Brief:
In the entries below, begin at the line that has "Send] → [Personal Folder].", stop after the line that has "2024年11月24日,正利", and output those lines exactly with no pictures.

Source material:

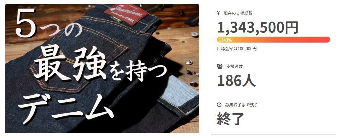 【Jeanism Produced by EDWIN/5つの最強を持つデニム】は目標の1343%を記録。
--
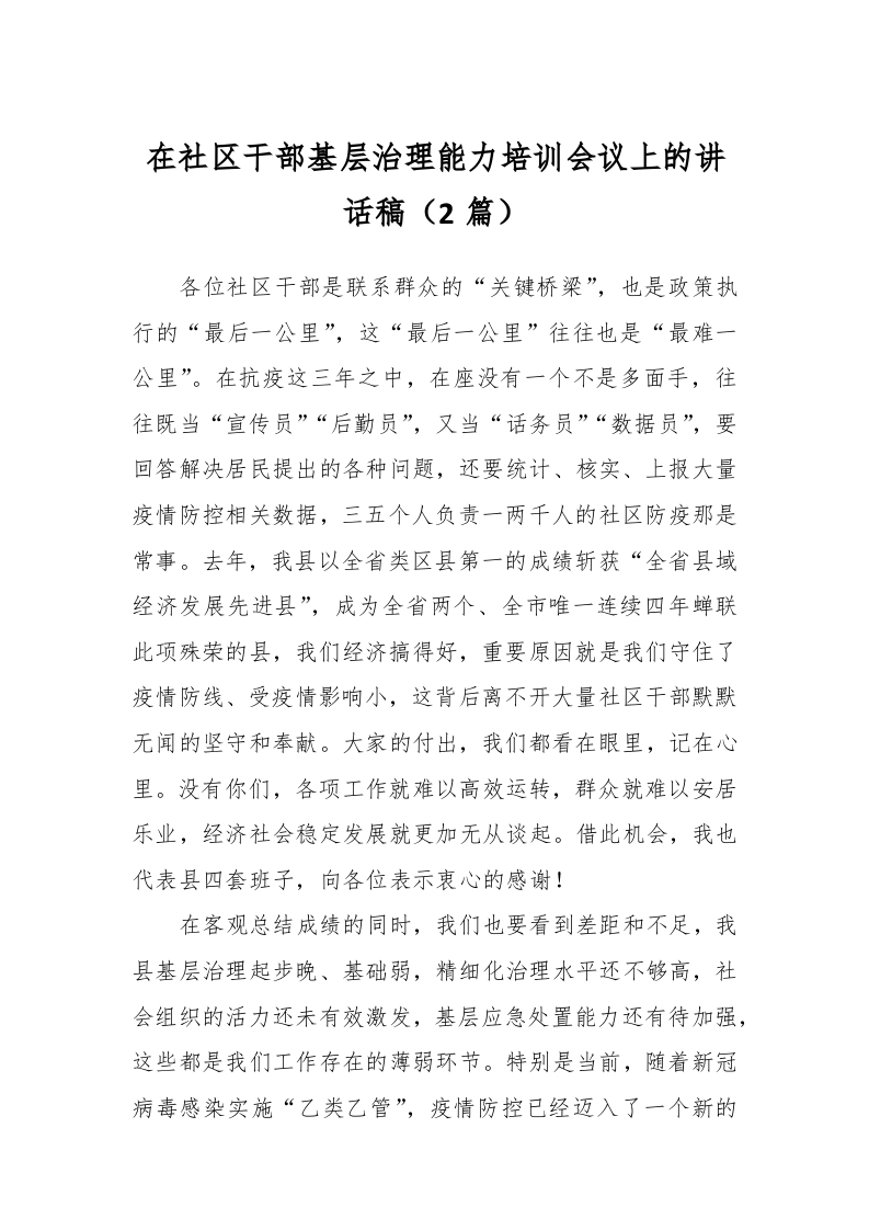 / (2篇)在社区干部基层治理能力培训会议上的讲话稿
* * *
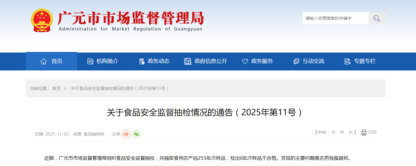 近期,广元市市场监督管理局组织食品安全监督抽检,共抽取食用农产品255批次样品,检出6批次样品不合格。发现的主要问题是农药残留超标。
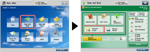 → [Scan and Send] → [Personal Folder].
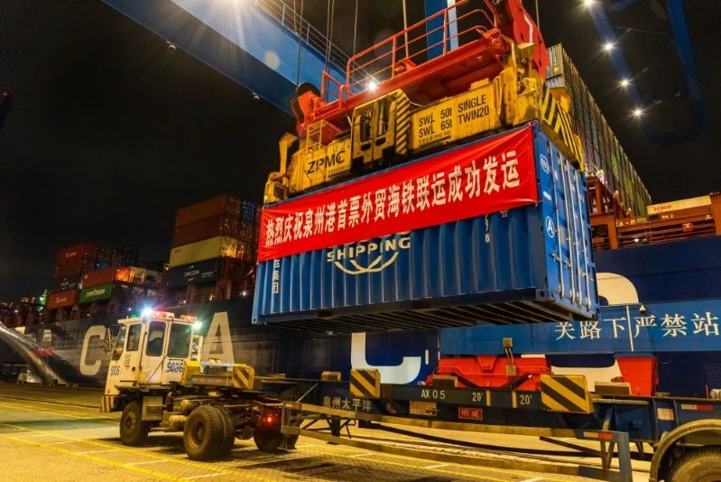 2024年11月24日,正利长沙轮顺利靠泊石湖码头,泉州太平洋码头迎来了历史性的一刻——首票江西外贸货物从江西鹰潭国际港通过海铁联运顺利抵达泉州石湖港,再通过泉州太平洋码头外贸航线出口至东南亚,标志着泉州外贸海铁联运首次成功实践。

Solution:
 → [Scan and Send] → [Personal Folder].
 2024年11月24日,正利长沙轮顺利靠泊石湖码头,泉州太平洋码头迎来了历史性的一刻——首票江西外贸货物从江西鹰潭国际港通过海铁联运顺利抵达泉州石湖港,再通过泉州太平洋码头外贸航线出口至东南亚,标志着泉州外贸海铁联运首次成功实践。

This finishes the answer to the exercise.